Op 28 februari 1879 had Mrs Thomas er genoeg van.
‘Vandaag Kate opgezegd,’ schreef ze in haar dagboek.
Het zou haar laatste aantekening zijn.
Ruzie ging te ver
Webster was woedend over het ontslag.
Op haar laatste werkdag, zondag 2 maart, viel ze vlak voor kerktijd uit tegen Mrs Thomas.
Toen deze weer thuiskwam, stond Webster haar op te wachten, nog dronkener en bozer. Ze kwam zo bedreigend over dat de weduwe de trap op vluchtte om zich te verstoppen in haar slaapkamer op de eerste verdieping.
Maar zo ver kwam ze niet.
Webster haalde haar in en duwde haar van de trap.
Om te voorkomen dat Mrs Thomas zou schreeuwen en de aandacht van de buren zou trekken, greep Webster haar bij de keel.

Kate Webster was al meerdere keren veroordeeld voor diefstal toen ze bij de weduwe Thomas in dienst kwam.
Webster moest zich nu van het lijk ontdoen zonder dat de buren iets doorhadden.
Ze besloot het in stukken te snijden en de lichaamsdelen te koken in de wasketel.
De volgende dag stopte ze de botten en de lichaamsdelen die niet in de ketel pasten in een houten kist en een zak, die ze in de Theems gooide.
De kist dreef aan land en werd een dag later gevonden.
Maar de politie kon het lijk niet identificeren, en Mrs Thomas was nog niet gemist.
Webster liet zich namelijk elke dag op straat zien in de kleren van haar bazin.
Pas toen verhuizers op 18 maart meubels het huis uit droegen, kregen de buren argwaan.

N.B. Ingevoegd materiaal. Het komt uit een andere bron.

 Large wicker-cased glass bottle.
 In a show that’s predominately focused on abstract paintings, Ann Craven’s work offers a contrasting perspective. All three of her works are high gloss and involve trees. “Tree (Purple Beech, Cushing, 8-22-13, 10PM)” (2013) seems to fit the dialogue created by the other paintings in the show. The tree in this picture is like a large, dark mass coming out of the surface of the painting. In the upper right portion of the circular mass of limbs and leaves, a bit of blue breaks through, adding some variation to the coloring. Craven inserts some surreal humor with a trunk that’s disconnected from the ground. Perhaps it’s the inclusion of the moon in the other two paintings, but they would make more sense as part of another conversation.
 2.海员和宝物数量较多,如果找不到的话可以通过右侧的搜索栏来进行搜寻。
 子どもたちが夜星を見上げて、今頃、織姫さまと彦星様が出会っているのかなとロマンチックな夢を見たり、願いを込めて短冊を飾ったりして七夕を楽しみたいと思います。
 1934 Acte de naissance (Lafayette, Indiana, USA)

Een van hen vroeg de mannen wie hun opdracht had gegeven. Toen de verhuizer met een blik op Webster antwoordde dat dat Mrs Thomas was, sloeg het dienstmeisje op de vlucht.
‘Ik hakte haar hoofd af met een scheermes, waarmee ik daarna ook het vlees in stukken sneed. En ik gebruikte een vleeszaag en een vleesmes om het lichaam in stukken te snijden.’ Kate Webster, 1879
Webster houdt onschuld vol
De politie doorzocht het huis. In de keuken vond ze bloed, botfragmenten en vettige aanslag in de wasketel.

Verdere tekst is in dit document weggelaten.